I really loved that. It helped shift my thinking and I admire when people can present situations back in an optimistic way. Total kudos to that guy.

From what  I observed of the others in my group and what I personally experienced as well here are my Top Five tips on getting started:

  1. Understand your why: It’s incredibly critical you know your intent for strength training. Even if it as simple as you want to fit those jeans you bought a year ago or you need to shed some body fat and build muscle tone – great! I say this, because your why is the elixir that will get you to the gym after a hard day at work, drive you out of bed at 6am if you train early, head off on your lunch break instead of eating at your desk and most importantly get you to your end goal. My why is STRONG. I’ve sustained a chronic shoulder injury, torn hamstring and long periods of sitting (ah, the by-product of writing) – so STRONG is a word I use to remind me why I doing this. I am determined to build a functionally fit body, strengthen my discipline and walk around in a crop top (just kidding, scrap that last bit).

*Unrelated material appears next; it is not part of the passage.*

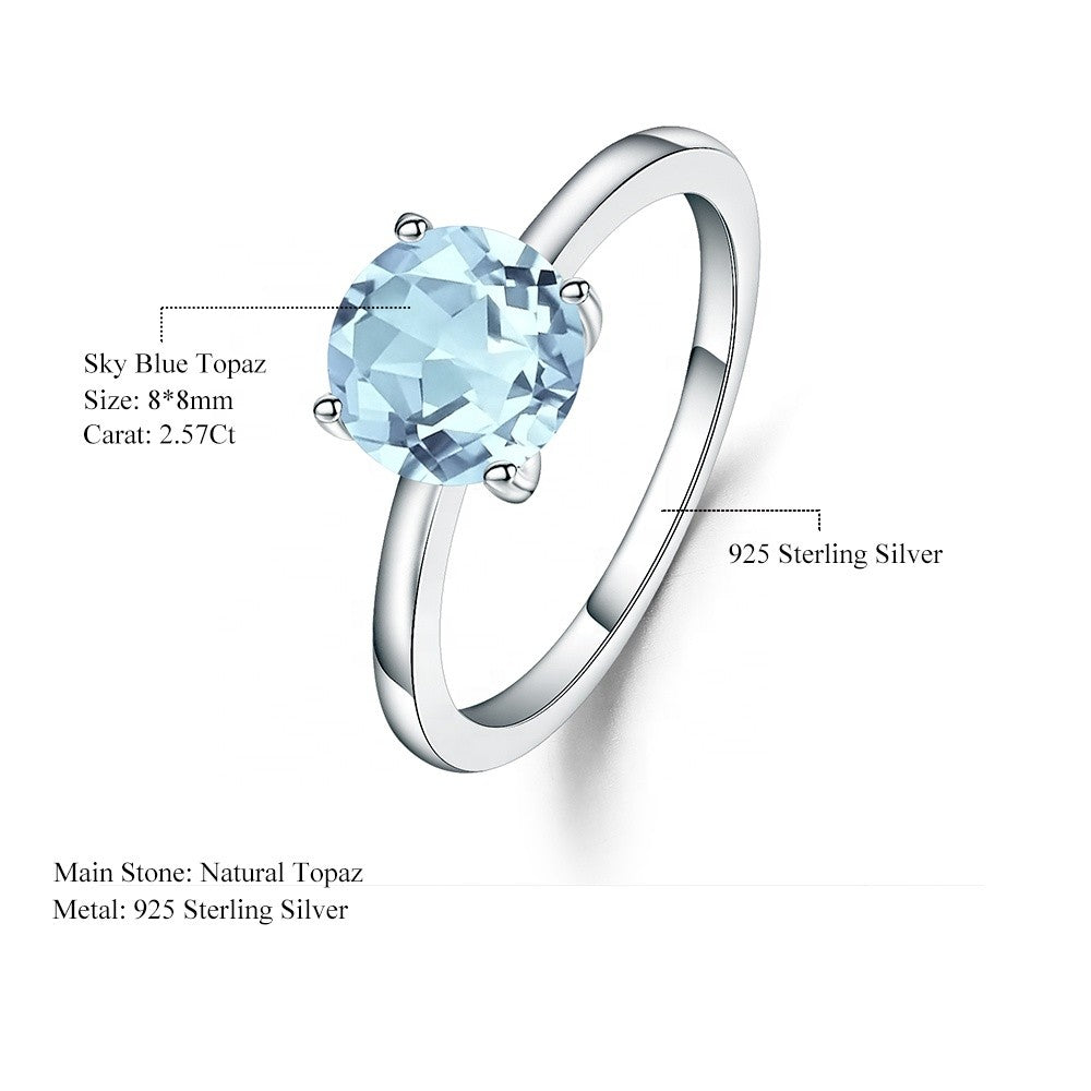 Stone: 2.57ct (8mm*8mm) Round Brilliant Natural Blue Topaz

  2. Get accountable: Whether you join an online group, form a pact with friends, engage your partner or kids – tell someone about your plan and get them involved. People that care about you will care about your health and dreams. Let them be part of your journey or better yet, maybe a buddy to train with. The only reason I was getting myself to the gym to start off with, was because I was accountable to so many people and I do not like letting people down. I’m a part of a team. Now in the third week, I’m actually excited about going to fling iron around. Well – not quite at that stage yet.

  3. Plan and schedule your time: It doesn’t have to be fancy or detailed or rigid. I make recurring appointments in Google Calendar (I use all the Google products) complete with a breakdown of the exercises I need to do. I do this because on that first day, I put what I thought was my program in my bag, turns out it was a blank piece of paper. I couldn’t get into Dropbox through my phone as the internet was down and I was finally able to retrieve my program through my email! I learnt a grave lesson – be prepared and have back ups. We typically always have our phone on us (I use it to listen to music at the gym), so products that sync with your phone are great. That way – you’ll be ready to train always.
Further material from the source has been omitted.